### DATASET RECORDS ###
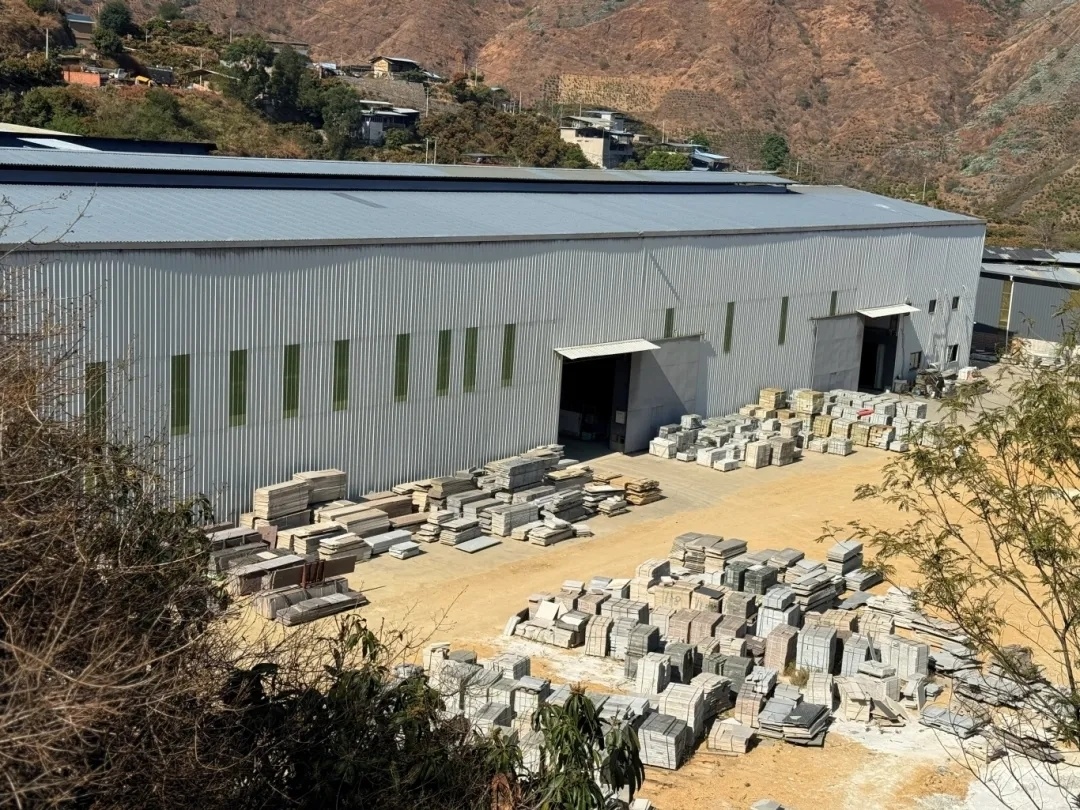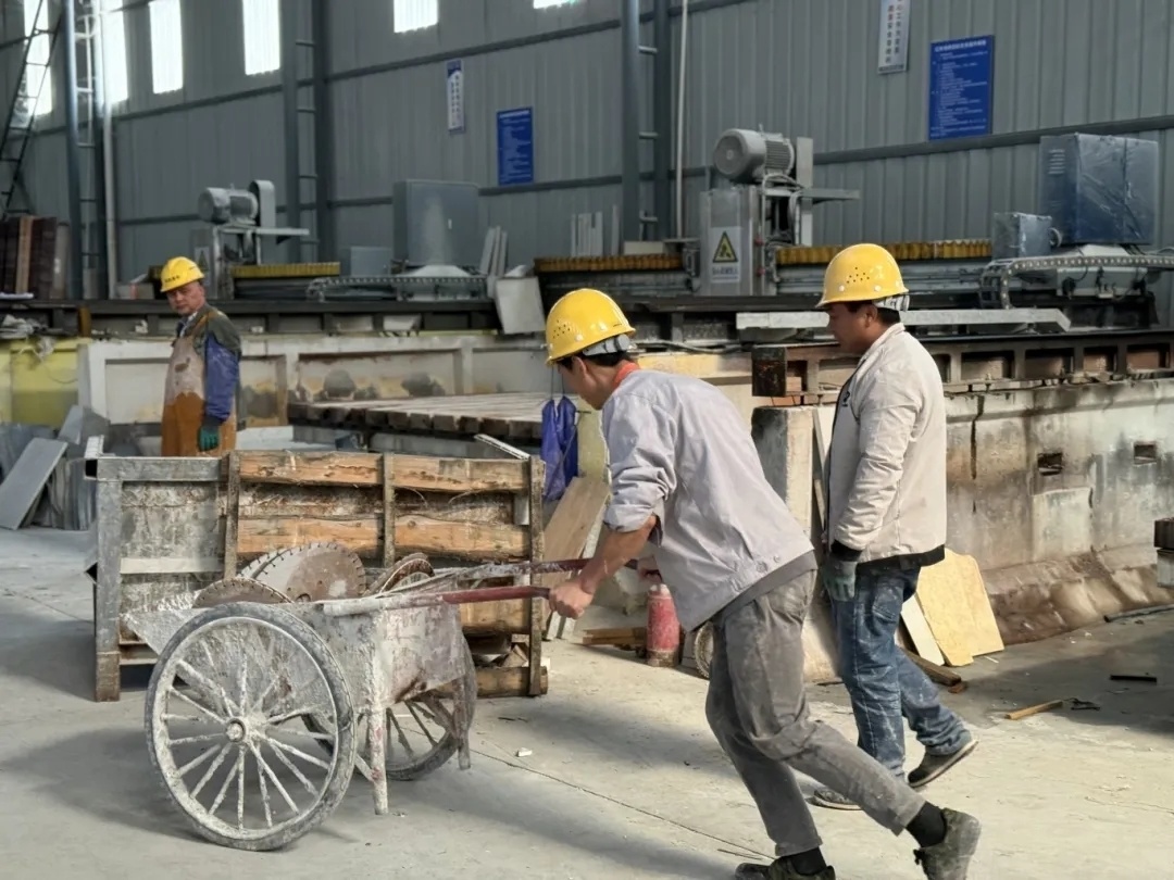 在0.5公里外的永胜村牛米塘组石材厂区,大量石材层层堆叠,颜色规格各异,或等待加工,或准备运输。大理石、花岗岩等各类石材有序陈列,打磨机高速运转着。
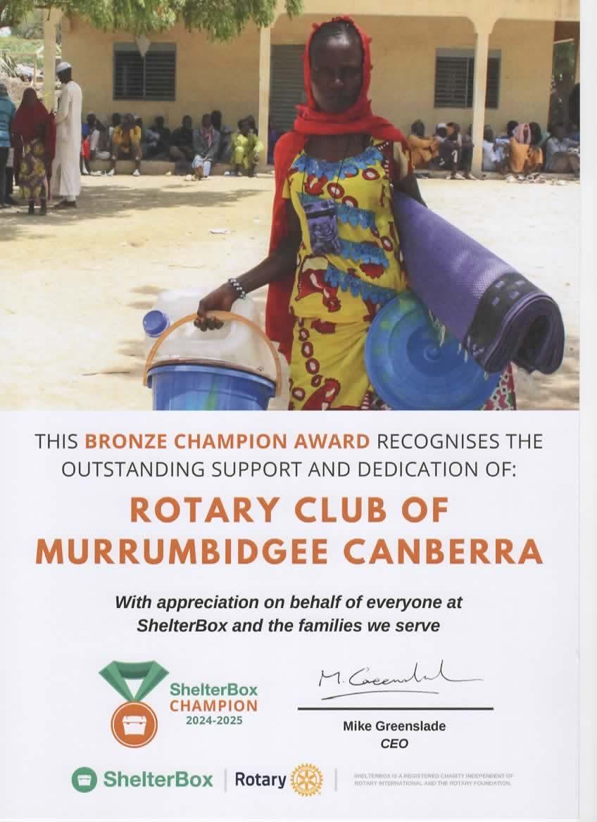 At the end of each term we give Rotary Youth Respect Awards (certificate and money) to students at the Bimberi Youth Justice Centre school.
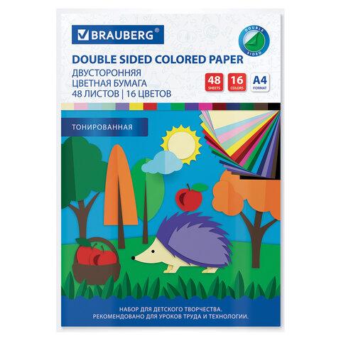 Цветная бумага А4 ТОНИРОВАННАЯ В МАССЕ, 48 листов 16 цветов, склейка, 80 г / м2, BRAUBERG, 113504
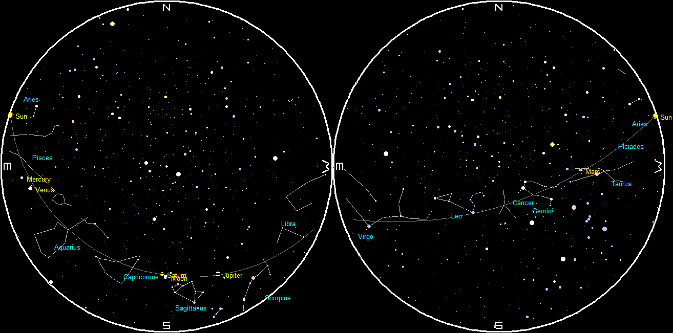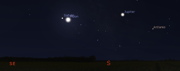 Let’s look at the planets for this week. Mars will be in the western sky this evening, above the V-shaped stars of the face of Taurus the bull. It will set at 12:18 a.m. In the morning sky we have Jupiter, in Ophiuchus, which will rise tomorrow at 12:39 a.m. in the east-southeast. Saturn will be next to rise at 2:27 a.m., also in the east-southeast. It is in Sagittarius. Tomorrow morning the Moon will be just right of the ringed planet. Venus will rise at 5:47 a.m. in the east. Venus will remain in our morning sky, though too close to the rising Sun to be easily glimpsed until August when it passes behind the Sun to enter the evening sky. It will be in position later this year to be our bright evening Christmas Star.
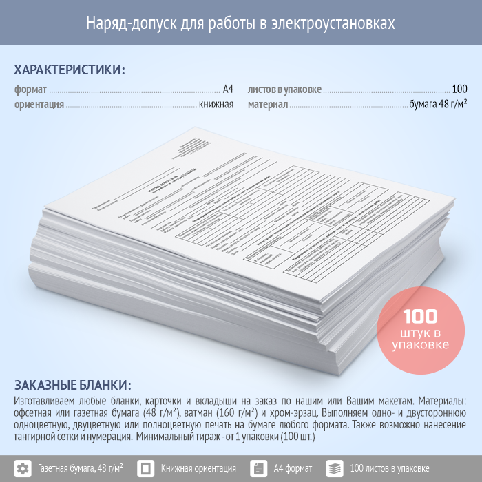 Наряд-допуск для работы в электроустановках (упаковка из 100 штук) в Верее купить
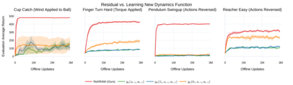 Simulation-to-reality reinforcement learning (RL) faces the critical challenge of reconciling discrepancies between simulated and real-world dynamics, which can severely degrade agent performance. A promising approach involves learning corrections to simulator forward dynamics represented as a residual error function, however this operation is impractical with high-dimensional states such as images. To overcome this, we propose ReDRAW, a latent-state autoregressive world model pretrained in simulation and calibrated to target environments through residual corrections of latent-state dynamics rather than of explicit observed states. Using this adapted world model, ReDRAW enables RL agents to be optimized with imagined rollouts under corrected dynamics and then deployed in the real world. In multiple vision-based MuJoCo domains and a physical robot visual lane-following task, ReDRAW effectively models changes to dynamics and avoids overfitting in low data regimes where traditional transfer methods fail.
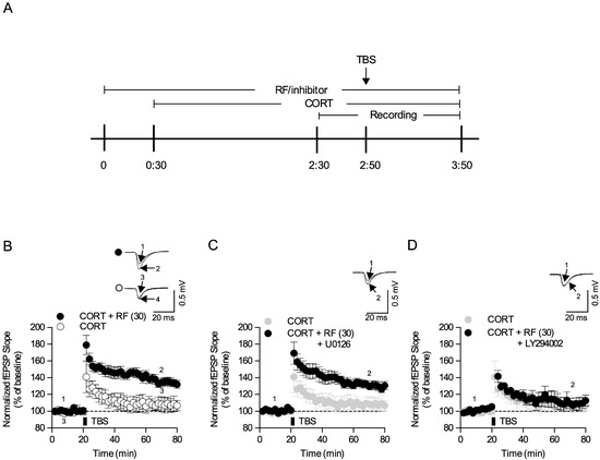 The role of Akt/GSK-3β signaling in the effect of rubrofusarin synaptic deficit: (A) Hippocampal slices were co-treated with rubrofusarin (RF) and inhibitors. Corticosterone (1 µM, CORT) was introduced to the slices 30 min after RF treatment. Theta burst stimulation (TBS, 5 trains of 4 pulses at 100 Hz) was delivered to the slices 30 min after the CORT treatment. (B) Normalized fEPSP slop of CORT + RF (30 µM) and CORT group for 80 min. (C) Normalized fEPSP slop of CORT + RF (30 µM) + U0126 (50 µM) group for 80 min. (D) Normalized fEPSP slop of CORT + RF (30 µM) + LY294002 (50 µM) group for 80 min. Data represented as mean ± SD.
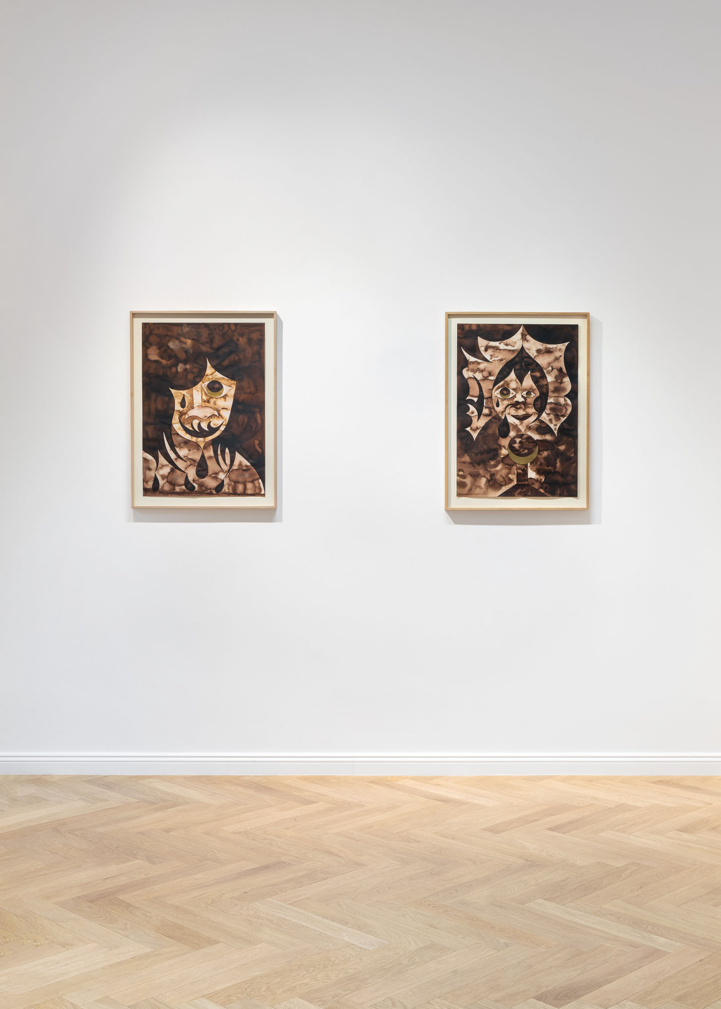 Of all the artistic techniques, however, watercolour remains the most characteristic for Anežka Hošková, as its spontaneity and organic nature best suit her personality. The coloured pigments washed with water largely defy control or a firm grip. They spill and melt into each other to create forms and structures that the author adjusts with lively brush strokes, within the limits of the sharp drawn lines. Relaxed watercolour paintings evoke swirling energies or clouds, creating the idea of a dreamscape illuminated by light, in which the immediacy of gestures and feelings is preserved along with the fleeting mutability of the moment. The aqueous solution of usually monochromatic colours carries with it a kind of lyrical syntax, linked to a gradual, organic movement that spreads vibrations within the paintings, making them draw us in and activate our imagination.
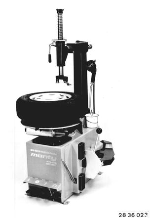 Montiersäule in Position schwenken oder klappen und einrasten lassen. Montierkopf einstellen, dabei ganz an den Felgenrad drücken und Hebel für Klemmvorrichtung umlegen, der Abstand des Montierkopfes stellt sich in der Regel automatisch ein. Das Ventil soll ca. 10 cm rechts vom Montierkopf stehen. Reifenwulst mit Montiereisen über den Montierfinger heben. Bei Alu-Felgen am besten einen beschichteten oder einen teilweise mit Schrumpfschlauch überzogenen Montierhebel verwenden. | ![]() |
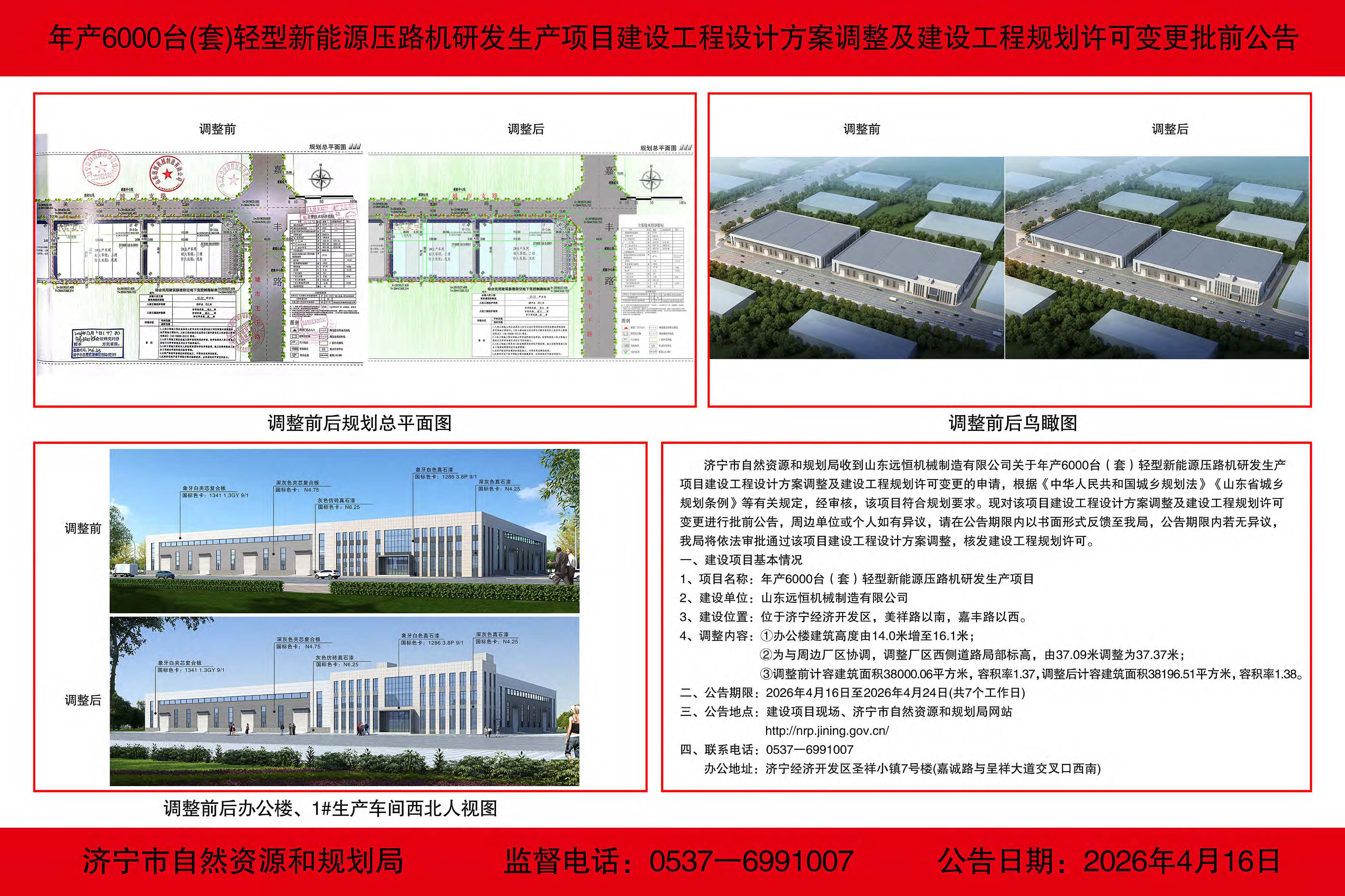 年产6000台(套)轻型新能源压路机研发生产项目建设工程设计方案调整及建设工程规划许可变更批前公告
###
* **TASK BRIEF**
Return the listing verbatim; pictures are not part of the copy.

* **EXERCISE RESPONSE**
 在0.5公里外的永胜村牛米塘组石材厂区,大量石材层层堆叠,颜色规格各异,或等待加工,或准备运输。大理石、花岗岩等各类石材有序陈列,打磨机高速运转着。
 At the end of each term we give Rotary Youth Respect Awards (certificate and money) to students at the Bimberi Youth Justice Centre school.
 Цветная бумага А4 ТОНИРОВАННАЯ В МАССЕ, 48 листов 16 цветов, склейка, 80 г / м2, BRAUBERG, 113504
 Let’s look at the planets for this week. Mars will be in the western sky this evening, above the V-shaped stars of the face of Taurus the bull. It will set at 12:18 a.m. In the morning sky we have Jupiter, in Ophiuchus, which will rise tomorrow at 12:39 a.m. in the east-southeast. Saturn will be next to rise at 2:27 a.m., also in the east-southeast. It is in Sagittarius. Tomorrow morning the Moon will be just right of the ringed planet. Venus will rise at 5:47 a.m. in the east. Venus will remain in our morning sky, though too close to the rising Sun to be easily glimpsed until August when it passes behind the Sun to enter the evening sky. It will be in position later this year to be our bright evening Christmas Star.
 Наряд-допуск для работы в электроустановках (упаковка из 100 штук) в Верее купить
 Simulation-to-reality reinforcement learning (RL) faces the critical challenge of reconciling discrepancies between simulated and real-world dynamics, which can severely degrade agent performance. A promising approach involves learning corrections to simulator forward dynamics represented as a residual error function, however this operation is impractical with high-dimensional states such as images. To overcome this, we propose ReDRAW, a latent-state autoregressive world model pretrained in simulation and calibrated to target environments through residual corrections of latent-state dynamics rather than of explicit observed states. Using this adapted world model, ReDRAW enables RL agents to be optimized with imagined rollouts under corrected dynamics and then deployed in the real world. In multiple vision-based MuJoCo domains and a physical robot visual lane-following task, ReDRAW effectively models changes to dynamics and avoids overfitting in low data regimes where traditional transfer methods fail.
 The role of Akt/GSK-3β signaling in the effect of rubrofusarin synaptic deficit: (A) Hippocampal slices were co-treated with rubrofusarin (RF) and inhibitors. Corticosterone (1 µM, CORT) was introduced to the slices 30 min after RF treatment. Theta burst stimulation (TBS, 5 trains of 4 pulses at 100 Hz) was delivered to the slices 30 min after the CORT treatment. (B) Normalized fEPSP slop of CORT + RF (30 µM) and CORT group for 80 min. (C) Normalized fEPSP slop of CORT + RF (30 µM) + U0126 (50 µM) group for 80 min. (D) Normalized fEPSP slop of CORT + RF (30 µM) + LY294002 (50 µM) group for 80 min. Data represented as mean ± SD.
 Of all the artistic techniques, however, watercolour remains the most characteristic for Anežka Hošková, as its spontaneity and organic nature best suit her personality. The coloured pigments washed with water largely defy control or a firm grip. They spill and melt into each other to create forms and structures that the author adjusts with lively brush strokes, within the limits of the sharp drawn lines. Relaxed watercolour paintings evoke swirling energies or clouds, creating the idea of a dreamscape illuminated by light, in which the immediacy of gestures and feelings is preserved along with the fleeting mutability of the moment. The aqueous solution of usually monochromatic colours carries with it a kind of lyrical syntax, linked to a gradual, organic movement that spreads vibrations within the paintings, making them draw us in and activate our imagination.
 Montiersäule in Position schwenken oder klappen und einrasten lassen. Montierkopf einstellen, dabei ganz an den Felgenrad drücken und Hebel für Klemmvorrichtung umlegen, der Abstand des Montierkopfes stellt sich in der Regel automatisch ein. Das Ventil soll ca. 10 cm rechts vom Montierkopf stehen. Reifenwulst mit Montiereisen über den Montierfinger heben. Bei Alu-Felgen am besten einen beschichteten oder einen teilweise mit Schrumpfschlauch überzogenen Montierhebel verwenden. | ![]() |
 年产6000台(套)轻型新能源压路机研发生产项目建设工程设计方案调整及建设工程规划许可变更批前公告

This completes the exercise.